---------- DATA

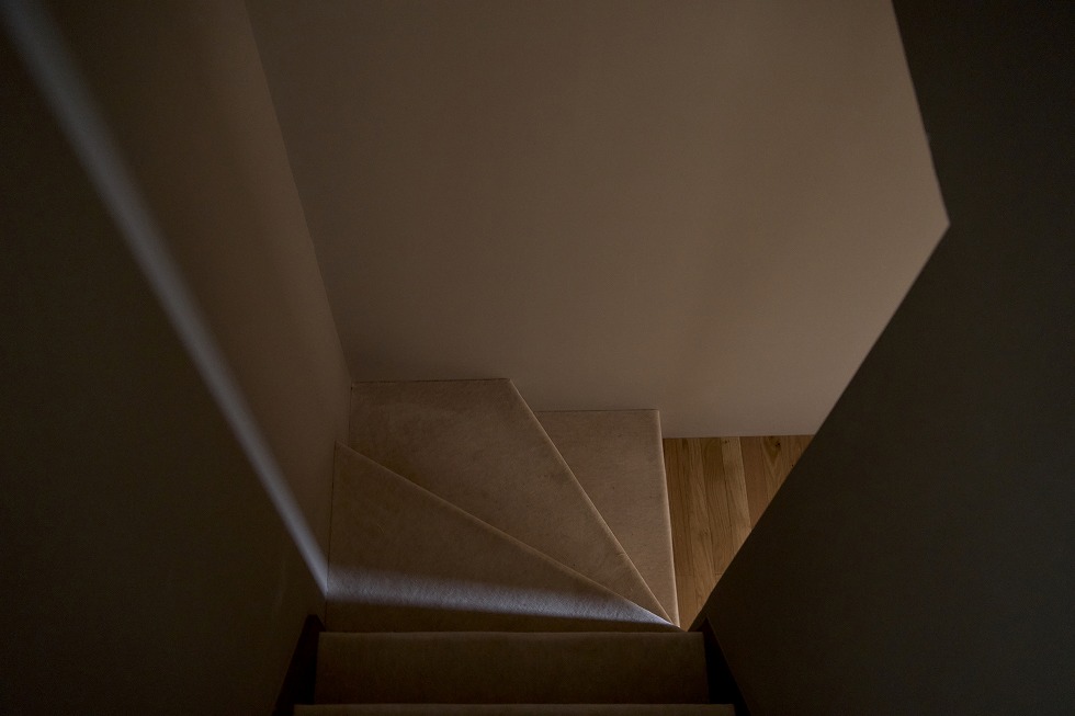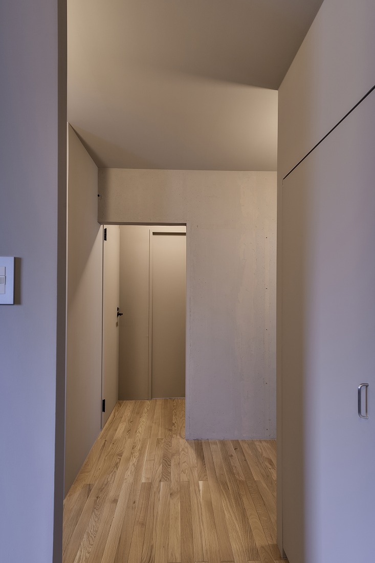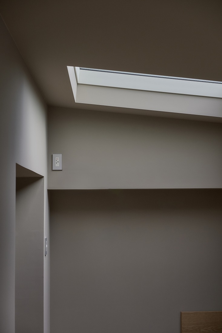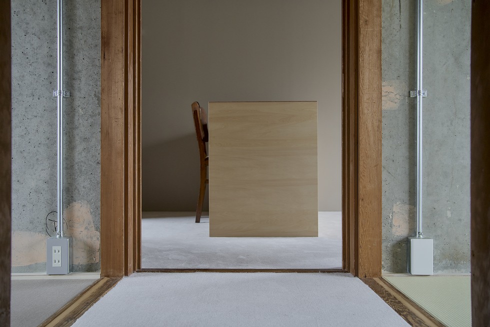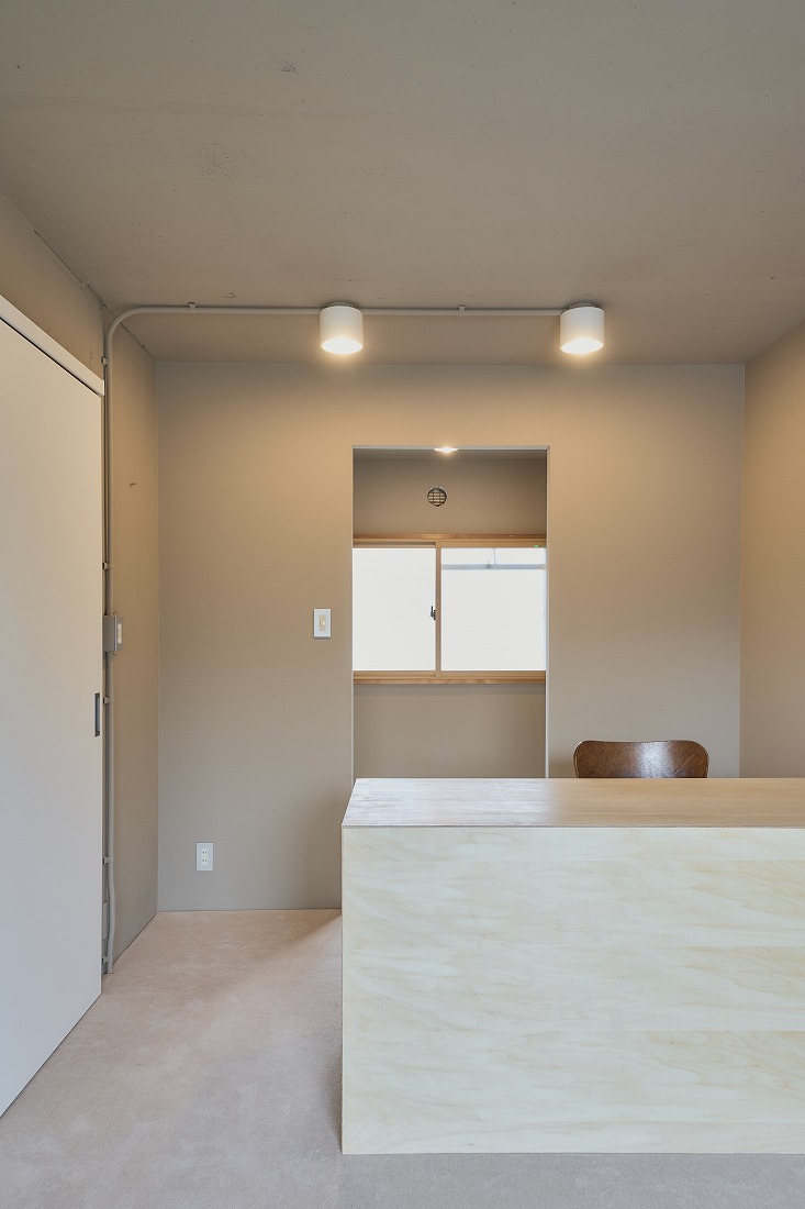 それ以外の壁・天井面は元々コンクリートに直接貼られていた壁紙を1週間以上かけて下紙まで剥がして、その上から塗装することでコンクリートの質感が出て、この部分の「重たさ」が空間をとても引き締めていると思います。
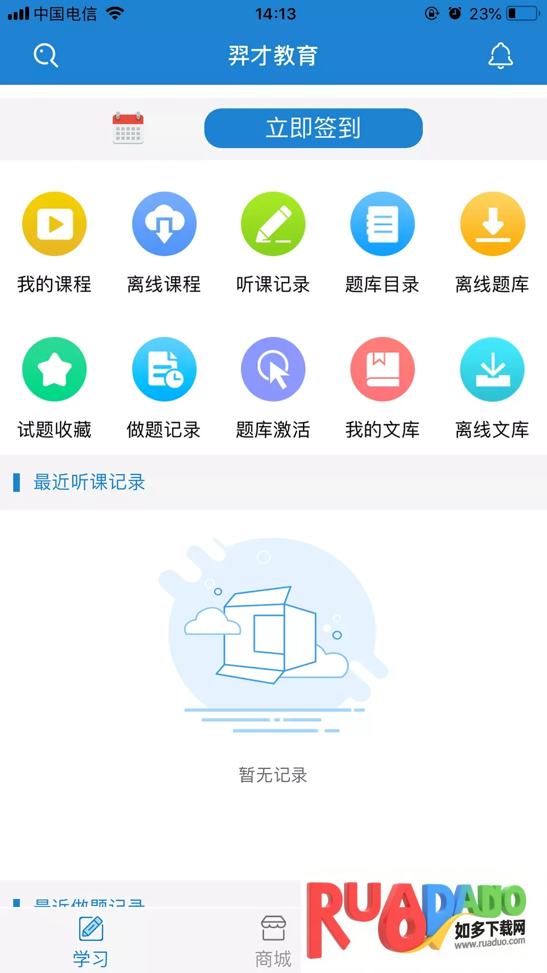 3、功能很丰富:有羿才网校、图书商城、羿才文库、羿才题库等板块,支持直播回看、课程回放,手机与电脑学习记录同步,能实现听课、做题、文库下载、图书购买等综合性学习。
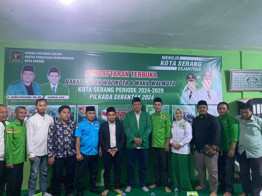 Serang, Kabarreformasi.com – Bakal calon Walikota Serang Ahmad Jayani dikawal oleh timnya saat mengembalikan formulir pendaftaran di Kantor DPC Partai Persatuan Pembangunan Kota Serang, Selasa 16/05/2024.
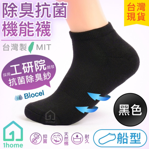 MIT抗菌除臭機能船型襪-黑色|工研院Biocel/台灣製造/除臭/抗菌/透氣/船型/棉襪/襪子【1home】

--------------------

§ **TRY IT**: Copy exactly the lines from the line that holds "Serang, Kabarreformasi.com –" to the end of the listing, both included. Leave the pictures out.

§ **SOLUTION TO THE EXERCISE**:
 Serang, Kabarreformasi.com – Bakal calon Walikota Serang Ahmad Jayani dikawal oleh timnya saat mengembalikan formulir pendaftaran di Kantor DPC Partai Persatuan Pembangunan Kota Serang, Selasa 16/05/2024.
 MIT抗菌除臭機能船型襪-黑色|工研院Biocel/台灣製造/除臭/抗菌/透氣/船型/棉襪/襪子【1home】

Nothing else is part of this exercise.